Here’s some interesting stats that I just read at Organic Consumers. Yes, that biased pinko-commie group that doesn’t like added nutrients in food (yummy pesticides…mmm…) or genetically modified frankenfood (hey, it was good enough for Dr. Frankenstein then it’s good enough for us), or those delicious watery tomatoes that you find at places like Safeway, which were picked six months before they ripened and grew up on a diet of fertilizer, pesticides, fungicides and contaminated water.

Anyway, the stats:

The sixty-year reign of chemical and energy-intensive industrial agriculture in North America and Europe appears to be drawing to a close:

*
Seventy-five percent of consumers say they have begun shopping for healthier foods.
*
Twelve cents of every grocery store dollar are currently being spent on products labeled as natural or organic.
*
The relentless drive by transnational corporations to monopolize seeds, crops, food, drugs, and intellectual property is faltering.
*
Millions of health-minded consumers are turning away from Big Pharma and patented drugs, toward traditional remedies, herbs, and ecological/preventive medicine.

Perhaps there is hope, that Monsanto will not realize their dream of controlling the food and water of the entire planet.

— roxanne @ 5:13 pm — Comments (0)

3 August 2006

Back from SF

I’ve been to California and back twice, in less than a week. San Francisco was nice, and I’m amazed at how much busier the downtown seems to be compared to Seattle. Of course, it again pales as compared to New York or Buenos Aires, where we were sitting in traffic on Avenida Corrientes at 1am on a Wed night–looking at hordes of people emerging from movies, sitting in restaurants and 24 hour bookstores. But the difference in foot traffic was pretty amazing, down at Union Square. Maybe it does all shut down by 8pm, I don’t know.

Anyway, I’m too sleepy to post anything intelligent or make an attempt to be funny.

— roxanne @ 8:28 pm — Comments (0)

2 August 2006

Become a Nurse!

I just got a spam in my regular email box, telling me how I can get a “quick” nursing degree, and embark on the exciting career of a lifetime. Uh, thanks but no thanks. Been there, done that. I’m the last person on earth that the spammers should be bothering about a nursing career, but then, spammers don’t discriminate. It’s like the other spam I got right after that, letting me know that 85% of women think their man’s penis is too small. Again, thanks for sharing.

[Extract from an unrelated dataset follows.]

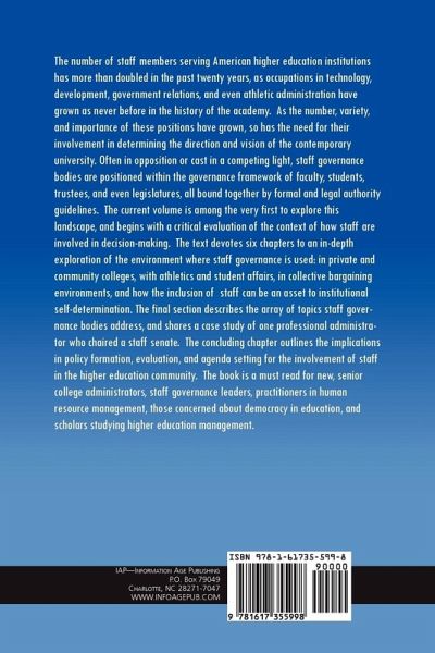 A volume in Educational Policy in the 21st Century: Opportunities, Challenges, and Solutions Series Editor Bruce Anthony Jones,University of South Florida The number of staff members serving American higher education institutions has more than doubled in the past twenty years, as occupations in technology, development, government relations, and even athletic administration have grown as never before in the history of the academy. As the number, variety, and importance of these positions have grown, so has the need for their involvement in determining the direction and vision of the contemporary university. Often in opposition or cast in a competing light, staff governance bodies are positioned within the governance framework of faculty, students, trustees, and even legislatures, all bound together by formal and legal authority guidelines. The current volume is among the very first to explore this landscape, and begins with a critical evaluation of the context of how staff are involved in decision-making. The text devotes six chapters to an in-depth exploration of the environment where staff governance is used: in private and community colleges, with athletics and student affairs, in collective bargaining environments, and how the inclusion of staff can be an asset to institutional self-determination. The final section describes the array of topics staff governance bodies address, and shares a case study of one professional administrator who chaired a staff senate. The concluding chapter outlines the implications in policy formation, evaluation, and agenda setting for the involvement of staff in the higher education community. The book is a must read for new, senior college administrators, staff governance leaders, practitioners in human resource management, those concerned about democracy in education, and scholars studying higher education management.

Anyway, I’ve got yet another plane to catch. Back to California for a meeting. I really should just move there already. The main problem is deciding whether to do NoCal or SoCal. Dilemmas, dilemmas…

— roxanne @ 6:11 am — Comments (0)

1 August 2006

Jazzed!

My feature story for the Lancet Infectious Diseases is now out in the August issue. Yes, I know most of you don’t read the Lancet or any of its offspring, but a lot of the articles in there are surprisingly readable if you’re not a doc or super scientist. I think they have really good stories and editorials about healthcare issues, and of course their news coverage is the best (I write for all of the Lancets so I’m a prejudiced). But anyway, I was honored when I was asked to do a feature story on the history of AIDS treatment, in line with the 25th anniversary of the first published report.

And now as a big surprise, my article is available for free. Access to the Lancet family is restricted, but several articles are usually available to anyone who wants to read them. My wonderful article was selected for the August issue. So click away, and read on. Of course, it is not a comprehensive history. I only had 1500 words, and I had to basically cut it in half, and take out two interviews. But I think it covers the basics. The early days were the most trying and frightening times, especially combined with people like Ronald Reagan who didn’t mention the disease publically until six years after it had been raging through the country. I guess when nice white middle-aged Republicans in the Midwest suddenly found themselves infected, then he decided it was time to acknowledge the disease.

Anyway, it is hard to believe that 25 years have passed since that first report. That there are people growing up and reaching adulthood who didn’t know about a life before AIDS.